Mostly the federal response has relied on getting money to the states and facilities, and letting them acquire material ― something many have simply not been able to do on their own. And while testing is certainly more available than it was months ago, facilities are still not testing as regularly as public health officials recommend, with lack of adequate supplies a likely reason.

“We’re doing better, not well,” said David Grabowski, a Harvard University public health professor. “We’re not making that national investment. We’re not giving every facility testing and PPE. We’re not supporting their staff. It’s deja vu all over again.”

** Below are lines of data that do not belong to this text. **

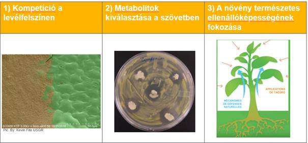 - A levélfelületen elszaporodva nem engedi meg a kórokozónak, hogy megtapadjon. Kiszorítja a felületről. A kórokozó nem képes behatolni a levélszövetbe. Olyan anyagokat (metabolitokat) választ ki, amik gátolják a kórokozók fejlődését.
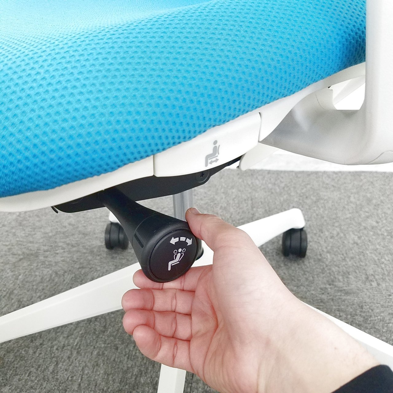 - 座面の左にあるレバー操作により、座面の奥行き調整が可能です。(ストローク:50mm)
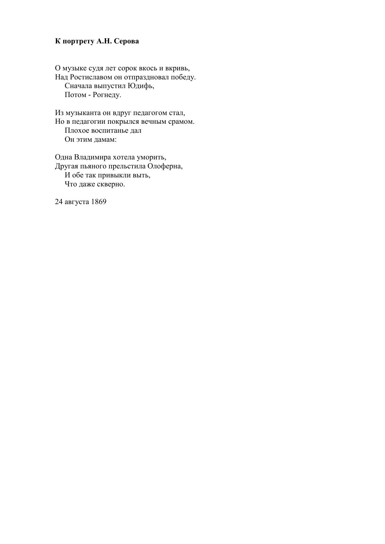 К портрету А.Н. Серова
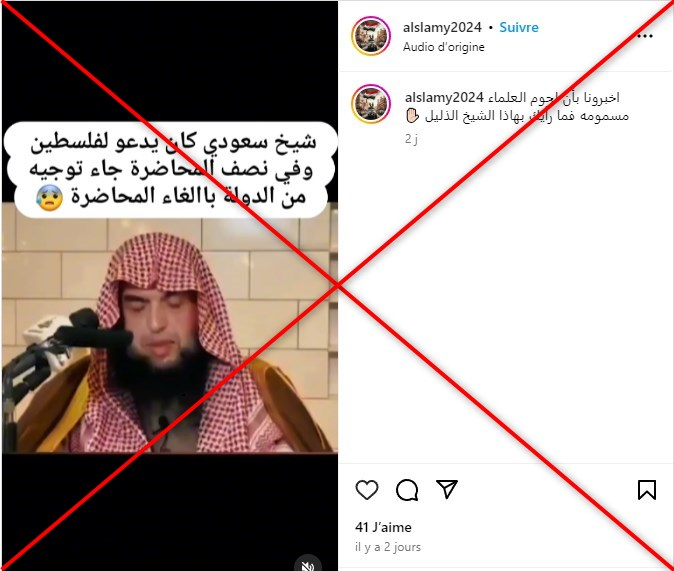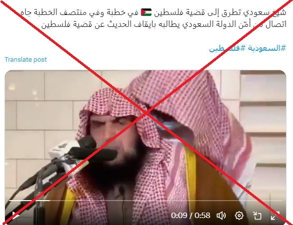 هذا الفيديو ليس لإيقاف محاضرة دينيّة في السعوديّة بسبب دعاء الشيخ للفلسطينيّين FactCheck#
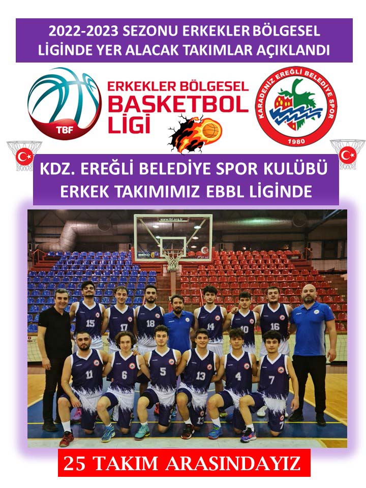 dz. Ereğli Belediyespor, futboldan sonra 2022-2023 sezonunda 25 takımın yer aldığı Erkekler Bölgesel Basketbol Ligine katılıyor

Success Would Require Federal Action

Rectifying the staffing issue in particular would require a large infusion of money ― because, without hazard pay or some other way to boost salaries for underpaid and overworked caregivers, facilities simply can’t recruit the workers they need.

But efforts to include hazard pay in coronavirus relief packages have failed. Democrats pushed for it, as did Sen. Mitt Romney (R-Utah). But the GOP Senate proposal left it out and the Trump administration has not pushed for it.

Without that money and without a more aggressive effort to guarantee supplies, both case numbers and deaths inside long-term care facilities will probably keep rising. It seems like a government ― and a society ― that valued those lives would be trying harder to save them.